A protease protection assay was explored to examine the localization of TvCyP1 in these vesicles (Fig. 9C). In this assay, samples were degraded by the protease K with or without Triton X-100 and analyzed by Western blotting. In samples from Myb1-containing fraction 4, AP65 was protected from protease degradation, but it was largely degraded in the presence of Triton X-100. By contrast, TvCyP1 was largely but not completely degraded by the protease, and the degradation was complete in the presence of Triton X-100, whereas Myb1 and Myb3 were completely degraded by the protease with or without detergent. In samples from hydrogenosomal fraction 10, AP65 was protected from protease degradation but mostly degraded in the presence of Triton X-100. TvCyP1 was also protected from protease digestion but completely degraded in the presence of Triton X-100. Together, these observations suggest that TvCyP1 may reside inside hydrogenosomes but is mostly on the surface of the VMyb, whereas AP65 resides inside both of these vesicles.

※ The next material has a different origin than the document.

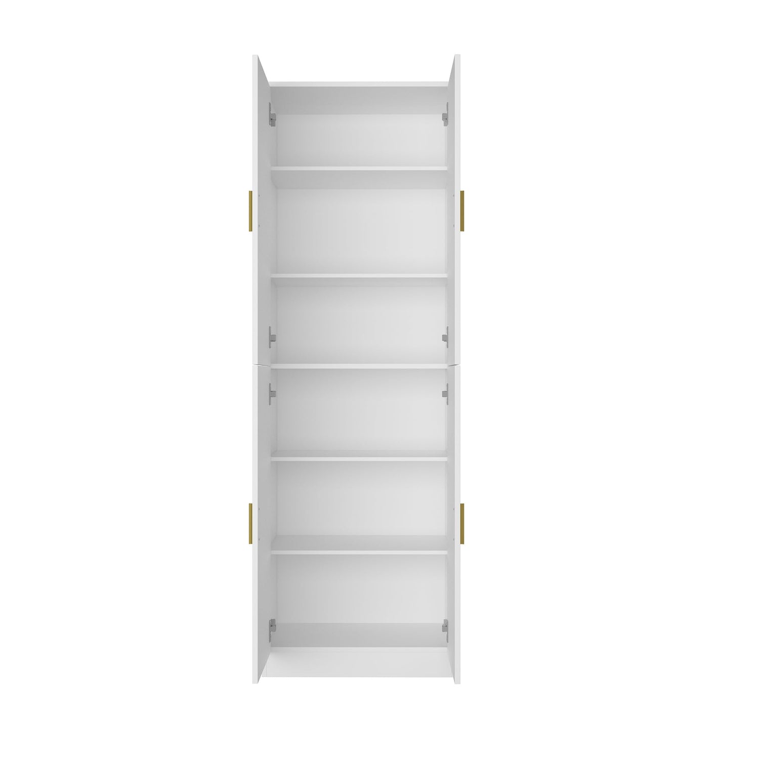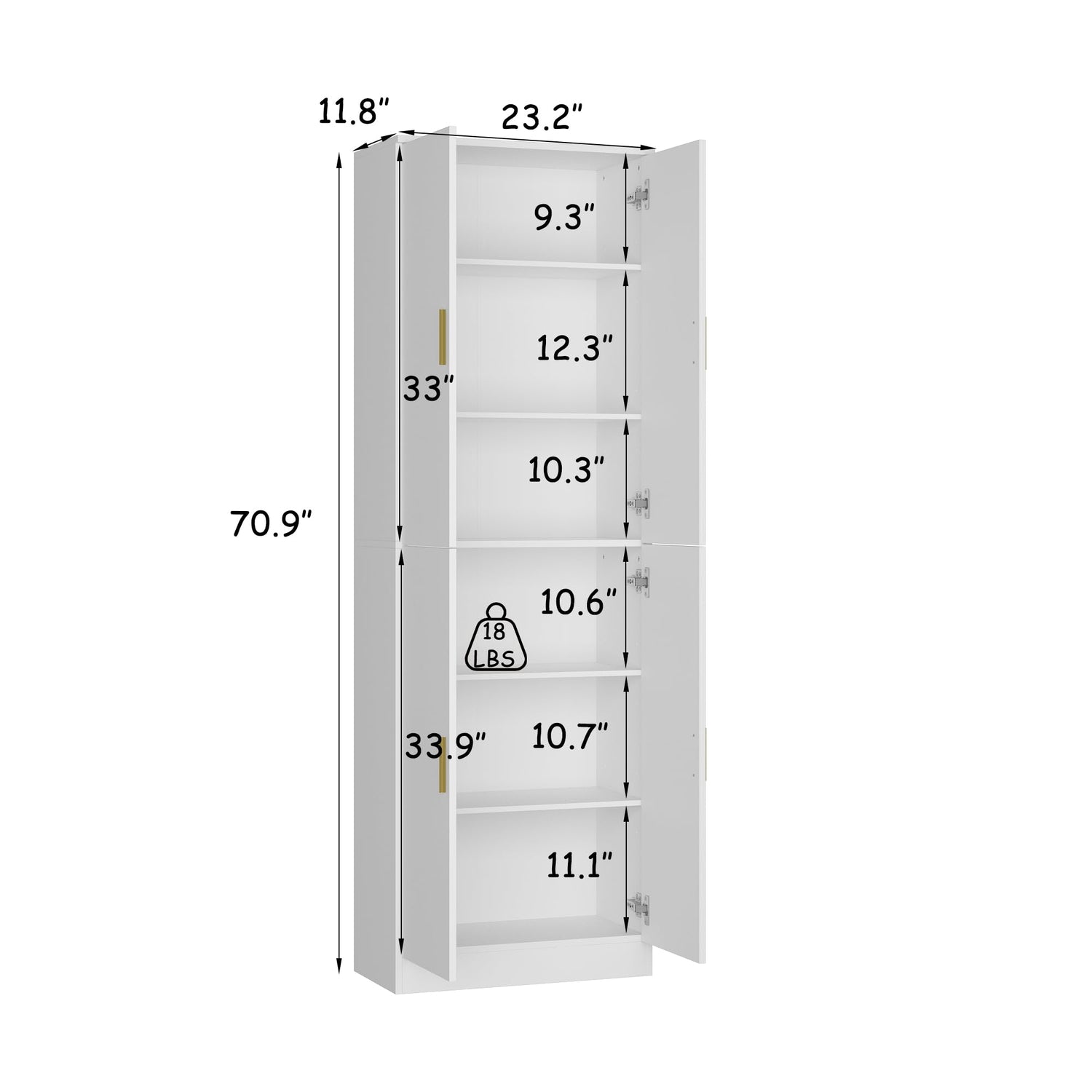 AGOTENI 6-Tier Storage Cabinet with Adjustable Shelves, Wooden Kitchen Pantry Freestanding Cupboard with 4 Doors for Living Room Kitchen Garage, White, 11.8" D x 23.2" W x 70.9" H

Two consecutive Myb1-containing gradient fractions enriched from cell lines overexpressing HA-TvCyP1 and its mutant were then examined by Western blotting in the same blot (Fig. 9D). The amounts of Myb1 versus TvHsp70-1 were much lower in HA-TvCyP1 samples than in controls, which were in turn lower than HA-TvCyP1(R63A) samples. The levels of overall TvCyP1 (endogenous plus overexpressed) in samples from HA-TvCyP1- or HA-TvCyP1(R63A)-overexpressing cells were 2-fold higher than in controls. These observations suggest that TvCyP1 probably facilitates the release of Myb1 from specific membrane vesicles into the cytoplasm prior to nuclear importation.
DISCUSSION
The function of a transcription factor is often regulated at multiple cellular steps via intricate interactions with regulatory partners in a spatial and temporal manner (40). To understand the regulation of Myb1-mediated transcription repression, a Myb1-interacting protein, TvCyP1, was identified using a bacterial two-hybrid system to screen a T. vaginalis cDNA expression library in the present study. The initial screening using a bait derived from the sequence encoding the R3(2)/C moiety (aa 120–205) but not that of the full coding sequence of the myb1 gene resulted in the identification of a TvCyP1 protein (Fig. 1). Consistent with these findings, the binding of Myb1 to TvCyP1 in the GST pulldown assay was greatly enhanced with the deletion of either the N or C terminus from Myb1.5 The binding of a CyPA homologue to a full-length substrate protein that is weaker than its deleted mutant proteins is not unusual as it is also reported in the binding of hCyPA to the N-terminal SH3 domain of a mammalian Vav protein and other cellular targets (41). Because Myb1 exhibits a central helical structure flanked by nonstructural regions (22), it is likely folded into conformation with its N and C termini juxtaposed to mask the TvCyP1-binding motif (Fig. 7B). Spontaneous or inducible changes of conformation may be required for Myb1 to expose this motif, providing a way to regulate the function of the protein.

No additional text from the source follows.